De namen van de menu’s, zo lees ik op de welkomstkaart die in de deurpost hangt, zijn sinds de opening ongewijzigd en nog steeds even helder als grappig: Basic (kleine selectie aan gerechten), Extra (ruime selectie aan gerechten) en Full Monty (de hele mikmak). Maar dat is de dinerkaart, met de lunch kunnen we dus kiezen uit drie, vier of vijf gangen. We gaan voor de middelste optie (40,50 euro). Wel even dubben welke wijn we moeten nemen, omdat we nog niet weten wat we gaan eten. Mijn gast wijst erop dat we ook losse glazen kunnen bestellen. Ik ben daar normaliter wat huiverig voor. Ik hou niet van overvolle glazen, maar ook niet van halfvolle als je het volle pond per glas betaalt en wilt kunnen doordrinken. Na kort beraad nemen we een keurig geprijsde fles Chardonnay (55 euro) van het mij bekende wijnhuis van Martin Wassmer uit Baden, een wijnmaker naar mijn hart die ik ooit bezocht heb in het diepe zuiden van Duitsland. Die is alvast erg lekker. 

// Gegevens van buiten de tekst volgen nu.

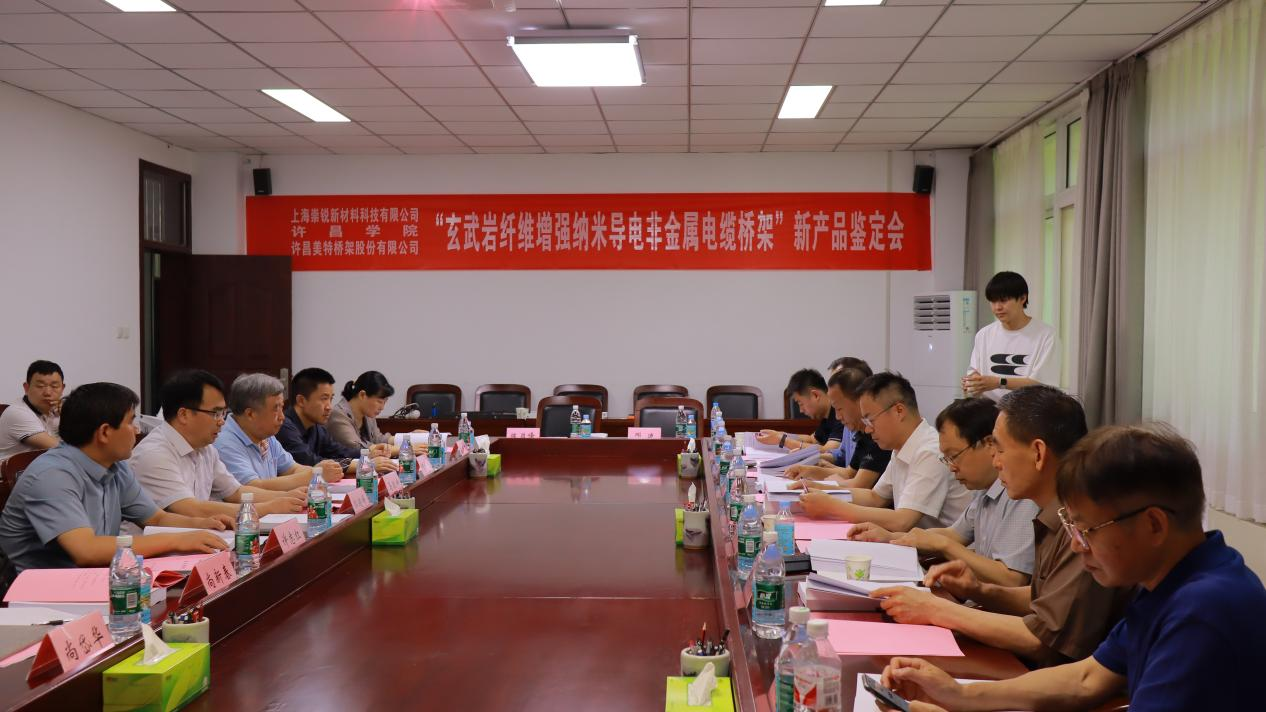 马敬坤介绍了出席会议的各位专家,并对鉴定工作提出了具体建议。校地合作办公室主任郭超峰代表学校致辞。鉴定专家委员会通过现场查阅项目资料,认真听取团队汇报,查验样件产品及现场质询的方式对此项目成果进行了深入且严谨的审核,最后一致认为,该项目在可导电非金属纳米电缆桥架关键技术领域取得了显著的创新成果,拥有完全的自主知识产权。鉴定委员会一致认为该技术水平达到了国际先进水平,所开发的新型导电非金属电缆桥架产品填补了国内外市场的空白,对于推动电缆桥架行业的科技进步和产业升级具有重要意义。

De amuses komen snel ter tafel. Een aangemaakt slaatje van little gems en een gepeld tomaatje met oester in een fijne bouillon, die de naam Bloody Mary draagt. Smaakvol. “Heeft het u gesmaakt?” vraagt het vriendelijke meisje van de bediening. “Ja hoor,” zeggen we in koor. 

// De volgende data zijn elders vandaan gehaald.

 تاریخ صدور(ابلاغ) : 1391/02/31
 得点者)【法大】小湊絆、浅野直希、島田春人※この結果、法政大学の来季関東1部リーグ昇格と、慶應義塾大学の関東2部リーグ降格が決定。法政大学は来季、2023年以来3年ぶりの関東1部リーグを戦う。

Er volgen vier kleine gangen. Rauwe makreel met dashi (best lekker, maar wat waterig), een groentegerechtje van morieljes alweer met dashi, nu met zilveruitjes en gele bloemetjes gegarneerd (genieten), sous-vide gegaard lam met yoghurt, amandelen en huisgemaakte chimichurri (bekend van de Knorr-wereldgerechten merkt mijn gast op, gewoon lekker) en, na een predessert (een bolletje vanille-ijs met lardo en pijnboompitjes, verrassend) tot slot aardbeien met ijs van dennennaalden (de aardbeien zijn heerlijk, de combinatie wederom lekker). Alles is goed bereid en smaakt naar meer – de porties zijn voor drie of vier gangen wat aan de magere kant – maar het wow-effect dat ons bij eerdere bezoeken van onze stoelen deed blazen blijft uit. Zijn wij misschien te verwend geraakt? Zijn onze verwachtingen wellicht te hoog gespannen geweest? Of is er iets anders aan de hand? 

Breda blijft vooralsnog op mijn lijstje van favoriete restaurants in de hoofdstad staan.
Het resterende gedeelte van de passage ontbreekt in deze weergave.